Bear and the Princess are going to go touring in country NSW. We just need to get away because Vevencia has been fighting cancer for 3 years and the latest PET scan today looks clear. She has been through so much. Time for a holiday.
I thought might take a picture of every old Post Office and interesting old buildings in the towns we go through.
Continuing from Day 4 – West Wyalong NSW to Wodonga VIC this is day 5 …
“Holbrook is a small town in Southern New South Wales, Australia. It is on the Hume Highway, 384 kilometres (239 mi) by road North-East of Melbourne and 492 kilometres (306 mi) by road south-west of Sydney between Tarcutta and Albury. The town is in the Greater Hume Shire Council area which was established in May 2004 from the merger of Culcairn Shire with the majority of Holbrook Shire and part of the Hume Shire. At the 2016 census, Holbrook had a population of 1,715 people. The district around Holbrook is renowned for local produce including merino wool, wheat and other grains, lucerne, fat cattle and lamb.
The explorers Hume and Hovell were the first-known Europeans in the area. They travelled through in 1824 looking for new grazing country in the south of the colony of New South Wales.
The town was originally called Ten Mile Creek and the first buildings were erected in 1836. A German immigrant, John Christopher Pabst, became the publican of the Woolpack Hotel on 29 July 1840 and the area became known as “the Germans”. By 1858 the name had evolved into the official name of Germanton, though the postal area retained the name Ten Mile Creek. In 1876 the name Germanton was gazetted and the old name Ten Mile Creek consigned to history.
Ten Mile Creek Post Office opened on 1 January 1857, and was renamed Germanton in 1875. During World War I, the town name was deemed unpatriotic so on 24 August 1915 the town was renamed Holbrook in honour of Lt. Norman Douglas Holbrook, a decorated wartime submarine captain and winner of the Victoria Cross. Lt. Holbrook commanded the submarine HMS B11.
The town was a stop on Old Sydney Road – the road between Sydney and Melbourne. The railway arrived in Germanton in 1902. The town was serviced by the Holbrook branch railway line until the line was closed in 1975.
In 2013, a re-alignment of the Hume Highway around Holbrook was completed so it is now possible to by-pass the town.” Wikipedia
“Gundagai is a town in New South Wales, Australia. Although a small town, Gundagai is a popular topic for writers and has become a representative icon of a typical Australian country town. Located along the Murrumbidgee River and Muniong, Honeysuckle, Kimo, Mooney Mooney, Murrumbidgee and Tumut mountain ranges, Gundagai is 390 kilometres (240 mi) south-west of Sydney. Until 2016, Gundagai was the administrative centre of Gundagai Shire local government area. In the 2011 census the population of Gundagai was 1,926.

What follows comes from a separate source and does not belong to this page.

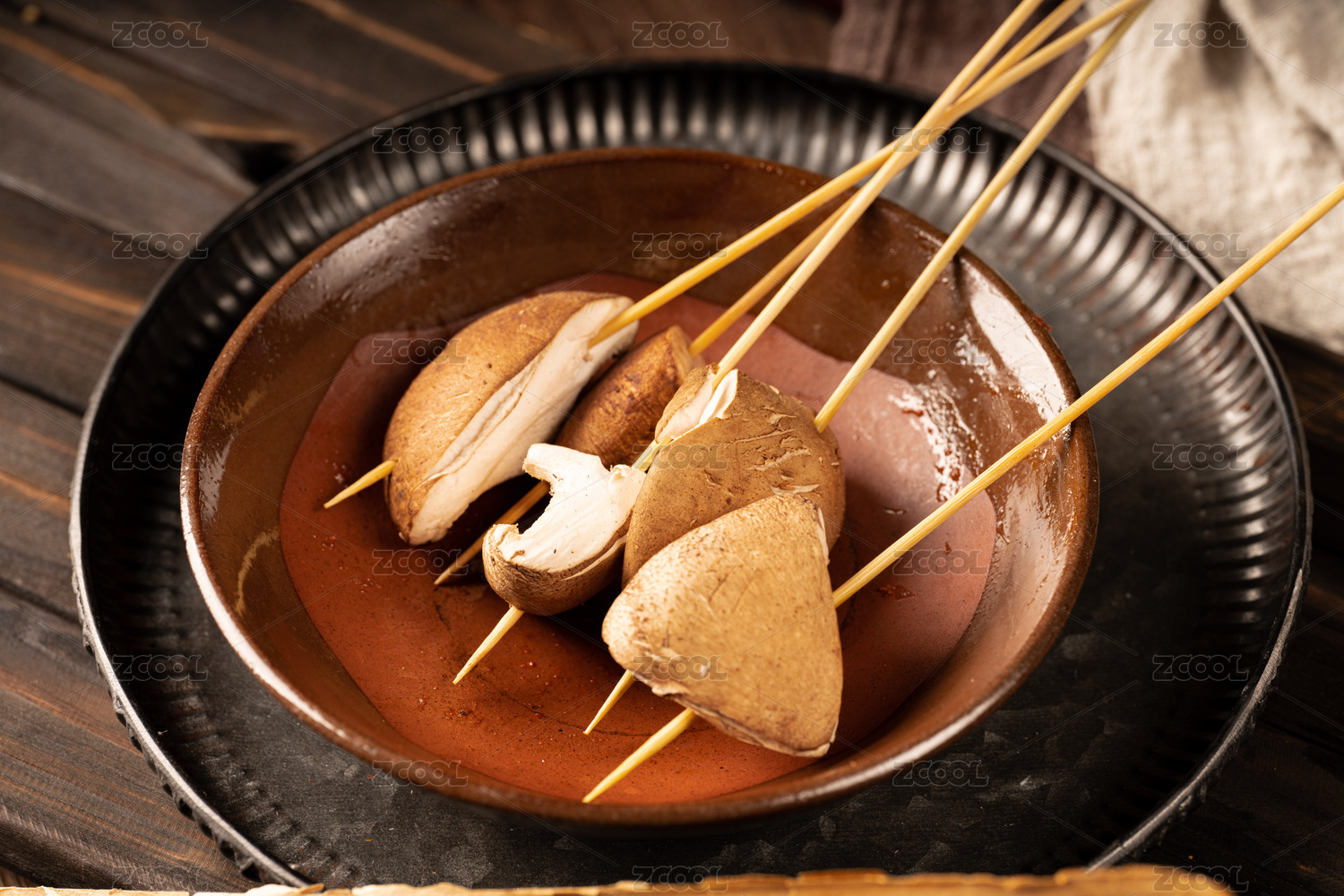 一份新鲜涮串食材鱼豆腐串放在竹帘上

The Gundagai area is part of the traditional lands of the Wiradjuri speaking people, while there is a considerable folklore associated with Aboriginal cultural and spiritual beliefs in the area. The floodplains of the Murrumbidgee below the present town of Gundagai were a frequent meeting place of the Wiradjuri.

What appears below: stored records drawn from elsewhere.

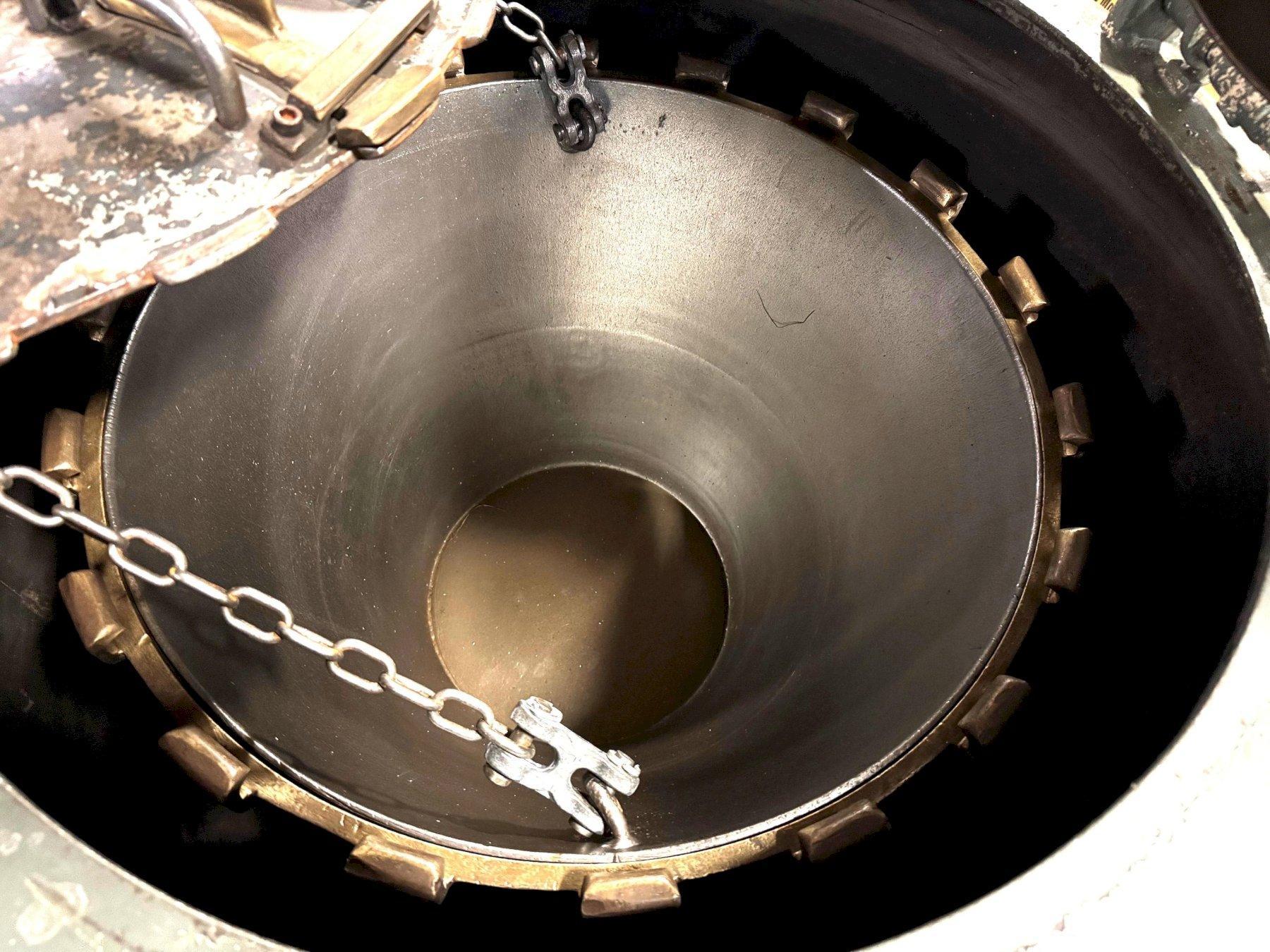 MODEL: 402 SERIAL NUMBER: 402556-E GENERAL SPECIFICATIONS Pan Diameter: 23" Pan Depth: 15" Pan Capacity: 2.1 Cu. Ft. Maximum Allowable Load: 225 Lbs. Running Speed: 1200 RPM Diameter Of Base Of Machine: 42" Approximate Weight: 1750 Lbs. Machine runs as it should. Could use a little TLC. One brass handle needs repaired. Please see photos. F.O.B. Cincinnati, Ohio ALL SPECIFICATIONS SUBJECT TO VERIFICATION BY PURCHASER |
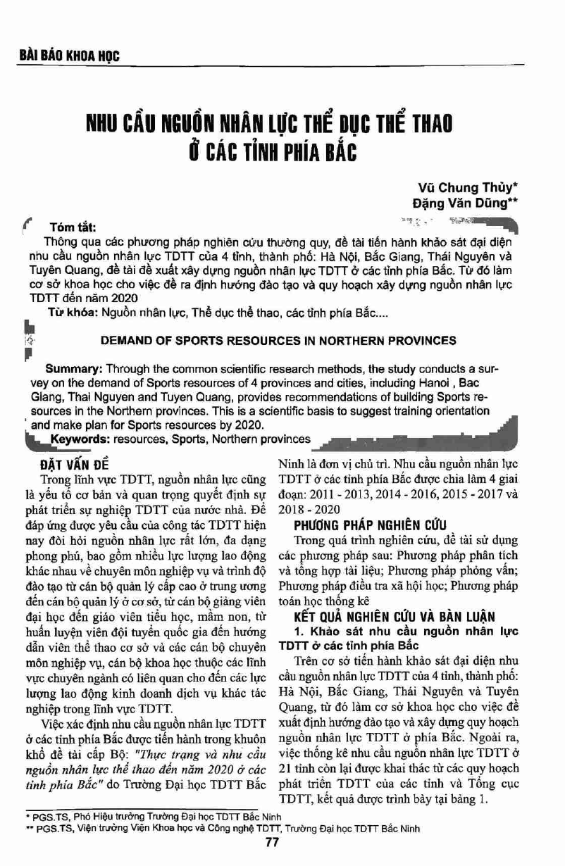 Nhu cầu nguồn nhân lực thể dục thể thao ở các tỉnh phía Bắc
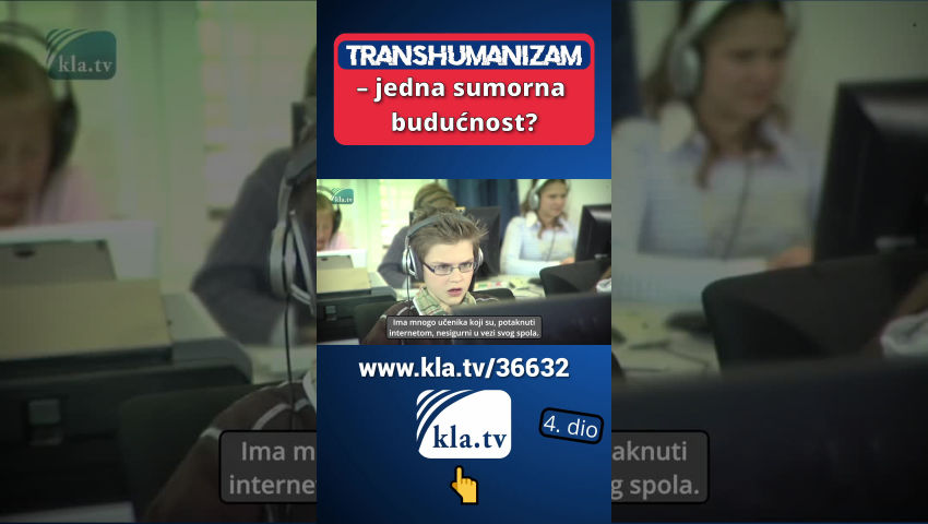 Transhumanizam, tko ga gura naprijed? Voditelj “Auf 1” Stefan Magnet objašnjava u svojoj emisiji “Pravi tajni Plan”: “Posljednjih mjeseci jedna je stvar postala sve jasnija: ideologija transhumanizma šalje se kako bi se izbrisala ljudska vrsta. Izjava da čovjek mora biti prevladan je gruba bezopasnost jer prevladavanje zvuči tako pasivno i beskrvno.” Postoji tvrdnja da je transhumanizam globalna zavjera za uništenje čovječanstva kako bi se prevladali tradicionalni koncepti čovječanstva. Sljedeći program ispitat će u kojoj je mjeri ova izjava istinita. Laura Aboli: Transhumanistički pokret – što znači biti čovjek? Poznata govornica Laura Aboli, jedna stručnjakinja na području transhumanizma, nastupila je u Engleskoj na konferenciji Better Way u Bathu 2023. godine. Njezina izjava o transhumanizmu: “Transhumanizam je samo prijelazna faza u posthumanizam [budućnost bez ljudi]. Krajnji cilj je iztrebljenje čovječanstva kakvog poznajemo. […] Transrodni pokret nije pokret korjena trave, nego dolazi sa samoga vrha. To je jedno zlo koje ide prema transhumanizmu. To nas tjera da propitujemo najtemeljniji smisao ljudskog identiteta, naš spol. Tužna je stvarnost da je ovaj progresivni plan već prouzročio fizičku, mentalnu i psihičku štetu sve većem broju djece i omladine. I postaće samo još gore. Ovo mora biti zaustavljeno! […] Kada ljudi više ne znaju tko su ili što su, kada sebe već vide kao hibride između muškarca i žene, lako će se dati uvjeriti da mogu postati i hibridi između čovjeka i stroja. Jedan kiborg, jedan hibrid nastao od biološkog organizma i stroja. Ovo opisuje ljude čija su tijela, osim mozga, trajno budu nadopunjena mehaničkim komponentama. Transhumanistički pokret – u jednu distopijsku budućnost U drugom dijelu svog govora, gospođa Aboli vrlo jasno kaže: "Jednom kad shvatimo krajnji cilj transhumanizma, mnogo je lakše pogledati unatrag i vidjeti psihološku uvjetovanost, biološku manipulaciju, kulturni odgoj i obrazovnu pripremu kojoj smo bili izloženi desetljećima. Sve su to pripreme za prihvaćanje jedne posthumane budućnosti. Potrebno je mnogo fizičkog i psihičkog zlostavljanja da bi inteligentna vrsta poput naše pristala na vlastito istrebljenje. Većina, ako ne i sve, onoga što se dogodilo u posljednjih 60 godina trebalo bi nas navesti da prihvatimo jednu takvu distopijsku stvarnost. Živimo u jednoj prekontroliranoj matrici. Naša pravo viđenje stvarnosti pomno je planirano, upravljano i izvedeno kako bi nas vodila u smjeru koji oni žele, u jedan posthumani svijet. Da bi se to postiglo, čovječanstvo je prvo moralo biti destabilizirano, dehumanizirano i demoralizirano svim mogućim sredstvima.” Laura Aboli broji sljedeće destabilizirajuće agense: - uništenje srži obitelji - indoktrinacija djece od strane države - Abortus - odricanje Boga - izbrisavanje duhovnosti u obrazovanju i kulturi - život u velegradovima, daleko od prirode - zatrovana hrana, zrak i voda - društveni mediji koji zamjenjuju stvarne ljudske veze i interakcije - umjetno izazvana financijska kriza i oporezivanje - beskrajni ratovi i masovne migracije - stres, strah, depresija, droge i alkohol - kao i stalno širenje straha i moralni relativizam kao nova religija. “I mogao bih unedogled pričati o tome kako je čovječanstvo bilo pod utjecajem i prisiljeno da se udalji od svega što nam daje snagu, sigurnost, smisao i svrhu. Slabo, nemoralno, nepovezano, neuko i nezdravo stanovništvo laka je meta za sljedeću fazu, a to je stvaranje cijele generacije androginih (mješavine muškog i ženskog) bića. Muškost je pod psihološkim, kulturnim i biološkim napadom. Žene se u sportu, zabavi i politici zamjenjuju muškarcima koji se pretvaraju da su žene. A djecu će u školama učiti da je spol samo jedan izbor.” To je ono što Laura Aboli kaže o transhumanističkom pokretu. Na kraju ovog programa čut ćete kratku reportažu o stvarnoj opasnosti digitalnih medija za djecu, koju je učiteljica nedavno poslala Kla.TV-u o događanjima u svojoj školi: “Mislim da je VRLO važno da se objavi trenutna razina dezorijentiranosti među djecom – o najgoroj stvari koja se AKUTNO događa gotovo SVOJ djeci! Ima mnogo učenika koji su, potaknuti internetom, nesigurni u vezi svog spola. Sljedeći korak: oni su depresivni i nezadovoljni – i počine samoubojstvo ili ga pokušaju učiniti. Sve potaknuto i vođeno sa internetom. A tu su i svi tipovi... koji igraju online računalne igrice SATIMA. Sastaju se naravno... ali ne rade gotovo NIŠTA osim toga. Umor im se očituje na licu, a pozornost na lekciju opada.” Ovo svjedočanstvo potvrđuje izjave Laure Aboli i sve nas poziva na akciju. Tjera nas da se probudimo i uvidimo opasnosti kojima su djeca i omladina izloženi. Roditelji koji vjeruju da svojoj djeci moraju dopustiti sve što je “moderno” i “progresivno” moraju shvatiti da njihova djeca trebaju njihovu zaštitu.

The first moves to establish ‘Gundagai’ as a township were in 1838 with plans for the new settlement of Gundagae on the Murrumbidgee, about 54 miles beyond Yass … advertised for viewing at the office of the Surveyor-General in Sydney.” Wikipedia
From here we continued onto Young. We booked into the motel at 2.30pm for a bit of a rest intending to spend the whole of the next day exploring.
My mother worked in Young before she was married so history here as when I was very young the family would visit the people she used to board with.